=== Section Start ===

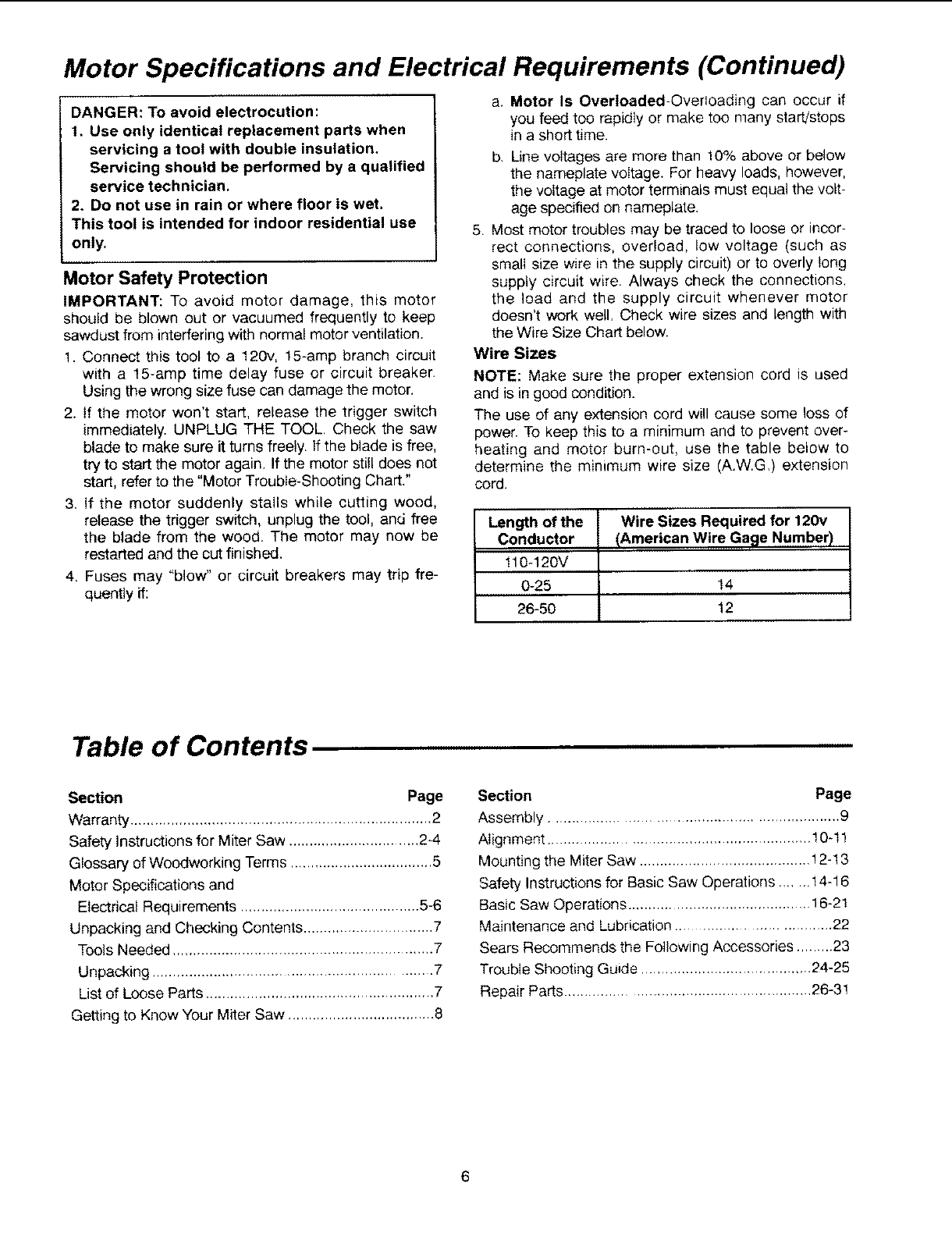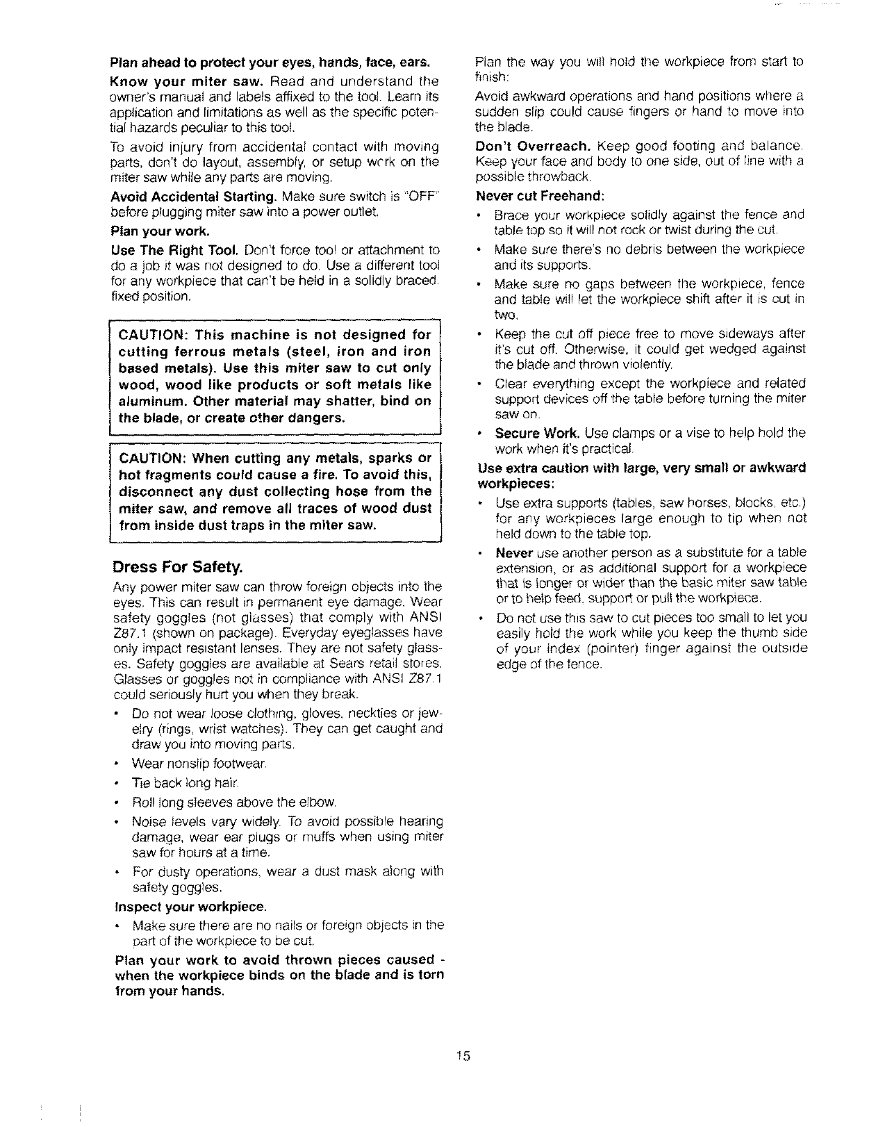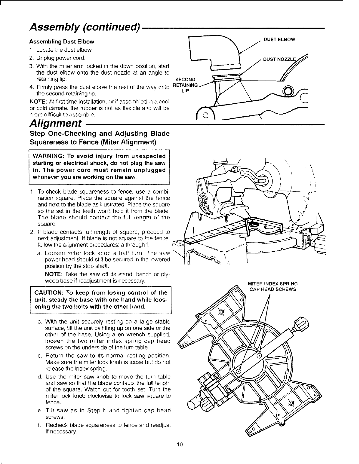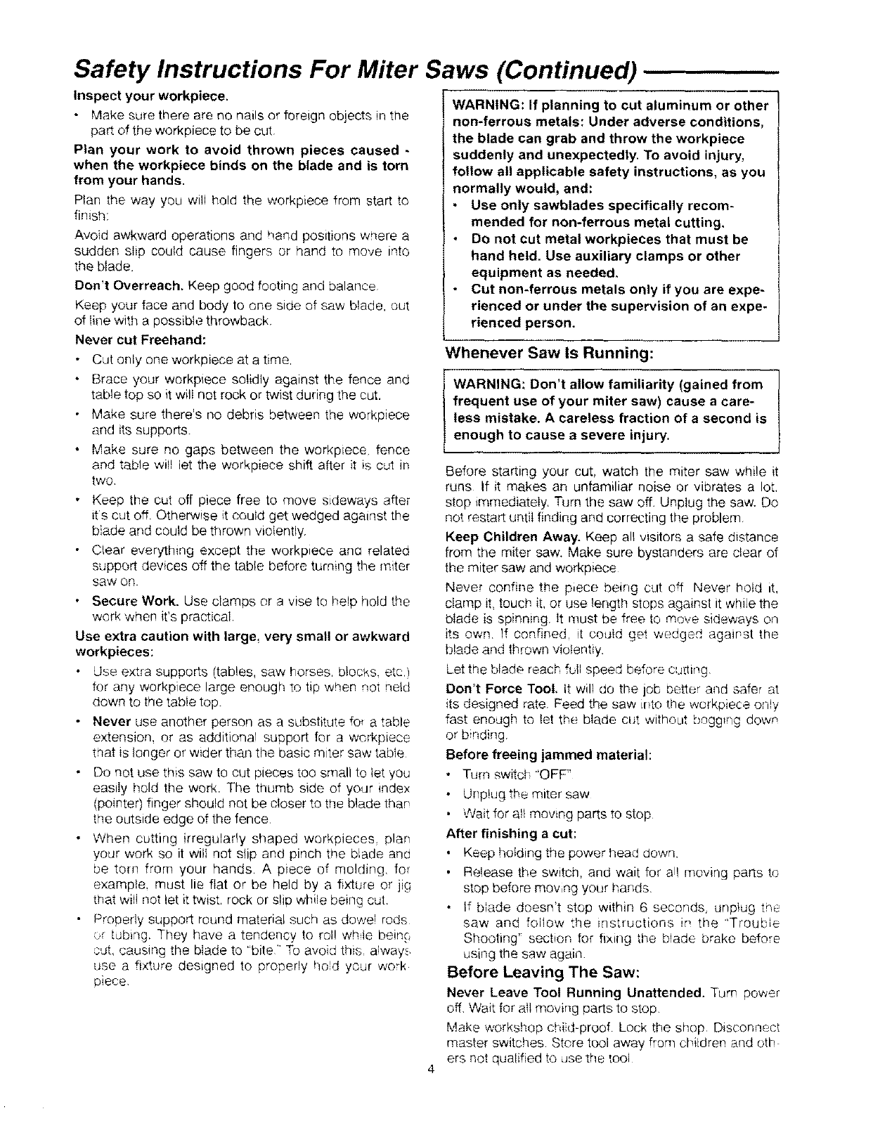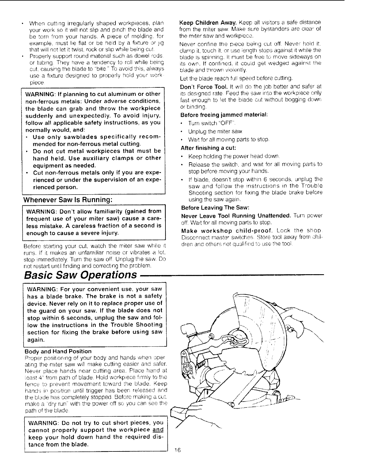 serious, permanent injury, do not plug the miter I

=== Section End ===
=== Section Start ===

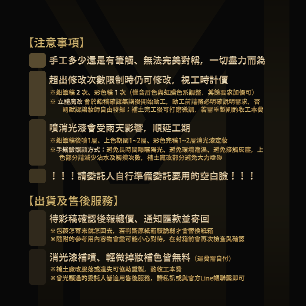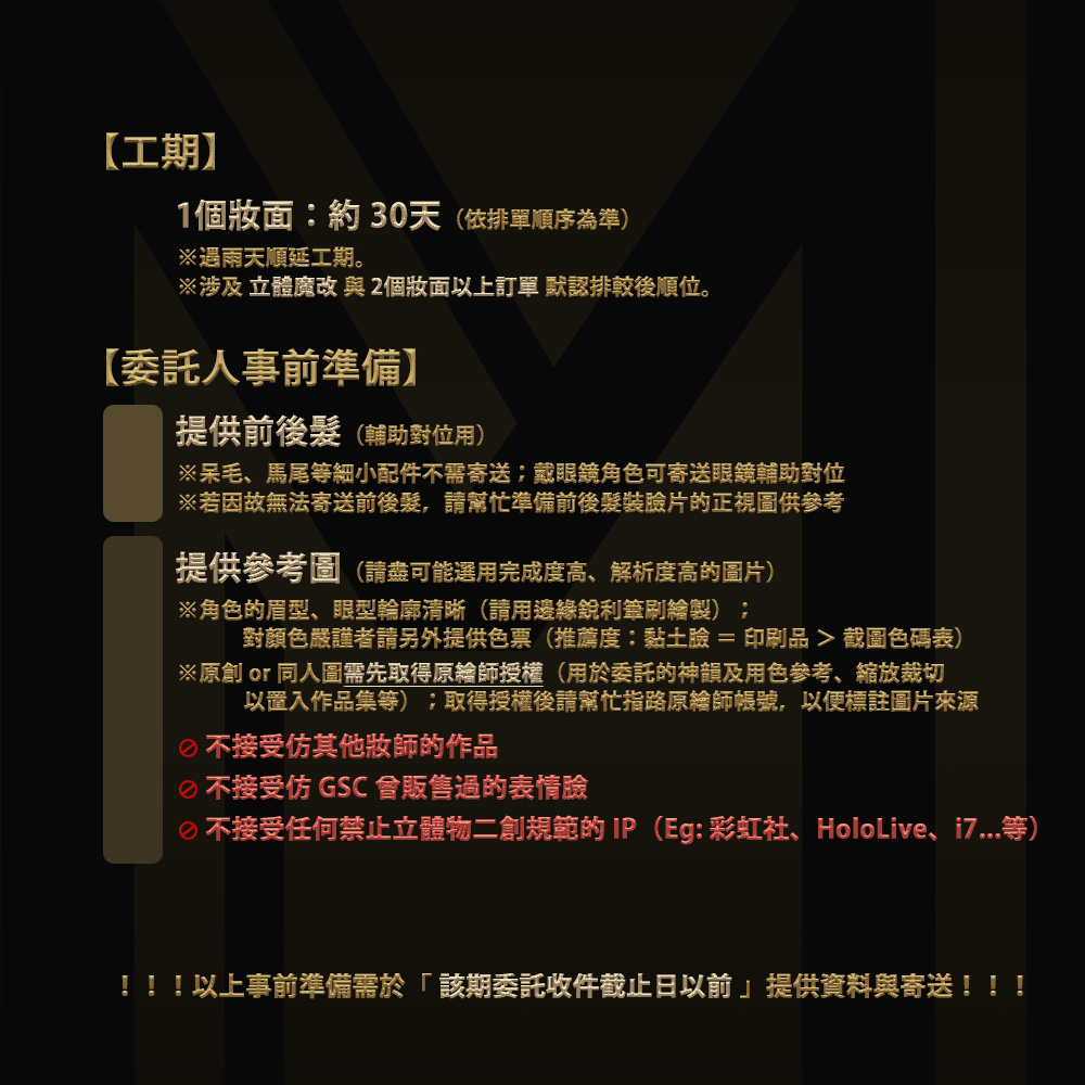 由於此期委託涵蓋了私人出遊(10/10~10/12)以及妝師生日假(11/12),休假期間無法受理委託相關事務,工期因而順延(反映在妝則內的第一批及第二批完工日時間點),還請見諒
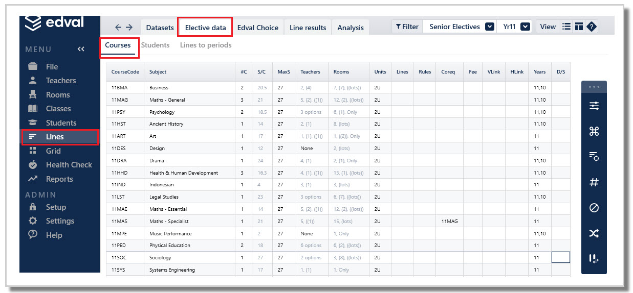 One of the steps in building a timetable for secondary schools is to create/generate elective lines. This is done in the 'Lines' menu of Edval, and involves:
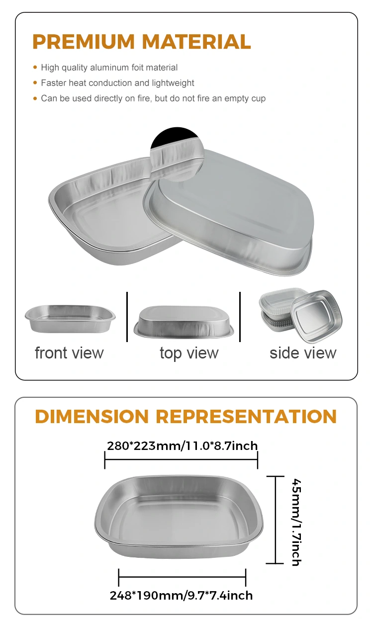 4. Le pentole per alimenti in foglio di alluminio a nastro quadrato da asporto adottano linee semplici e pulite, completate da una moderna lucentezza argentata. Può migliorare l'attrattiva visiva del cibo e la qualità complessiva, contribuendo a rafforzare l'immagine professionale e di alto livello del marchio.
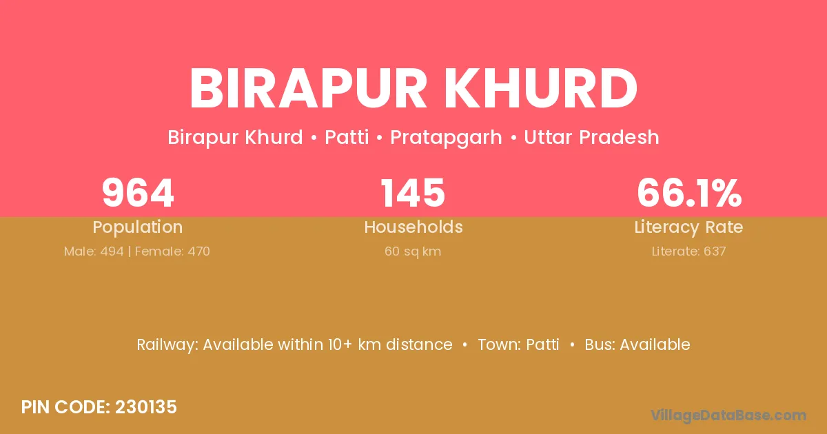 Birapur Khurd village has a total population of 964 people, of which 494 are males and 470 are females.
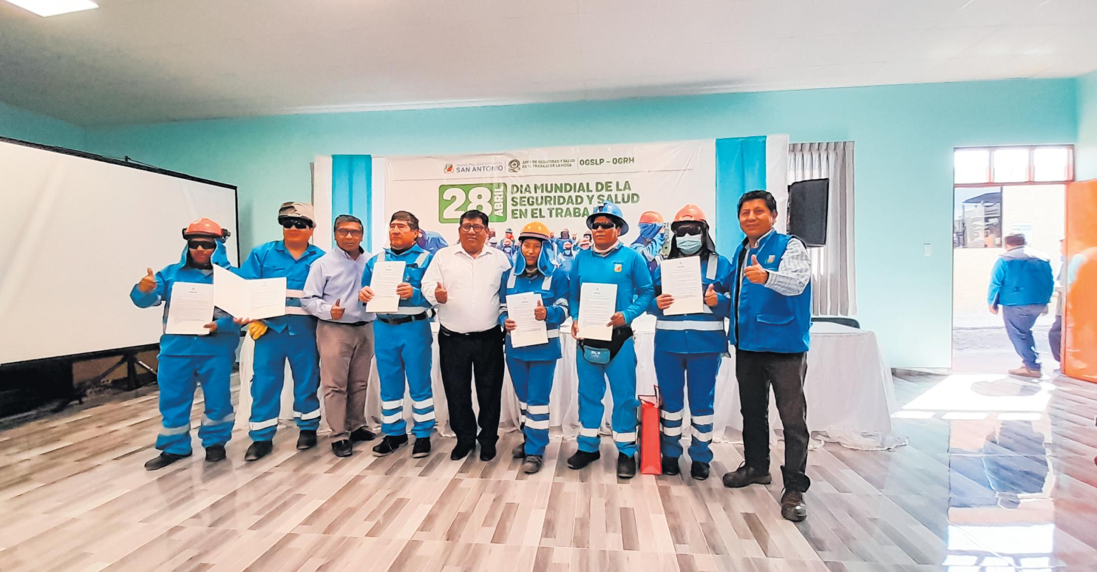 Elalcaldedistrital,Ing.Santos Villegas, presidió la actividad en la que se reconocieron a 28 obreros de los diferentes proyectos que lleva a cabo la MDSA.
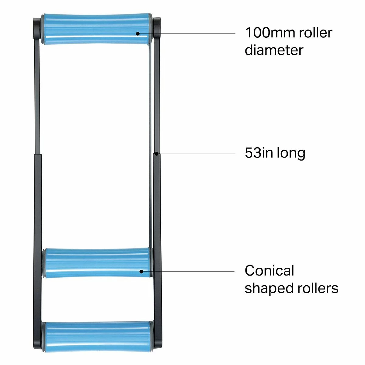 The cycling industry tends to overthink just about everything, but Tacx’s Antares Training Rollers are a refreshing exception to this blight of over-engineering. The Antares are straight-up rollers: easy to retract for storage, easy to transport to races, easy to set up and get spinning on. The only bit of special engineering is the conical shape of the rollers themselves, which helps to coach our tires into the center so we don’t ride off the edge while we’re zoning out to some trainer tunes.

=== Section End ===

_REQUIREMENT_
Above are records with pictures. Reproduce exactly only the lines from the line with "由於此期委託涵蓋了私人出遊(10/10~" through the line with "One of the steps", both ends included, and leave the pictures out.

_EXPECTED ANSWER_
 由於此期委託涵蓋了私人出遊(10/10~10/12)以及妝師生日假(11/12),休假期間無法受理委託相關事務,工期因而順延(反映在妝則內的第一批及第二批完工日時間點),還請見諒
 One of the steps in building a timetable for secondary schools is to create/generate elective lines. This is done in the 'Lines' menu of Edval, and involves:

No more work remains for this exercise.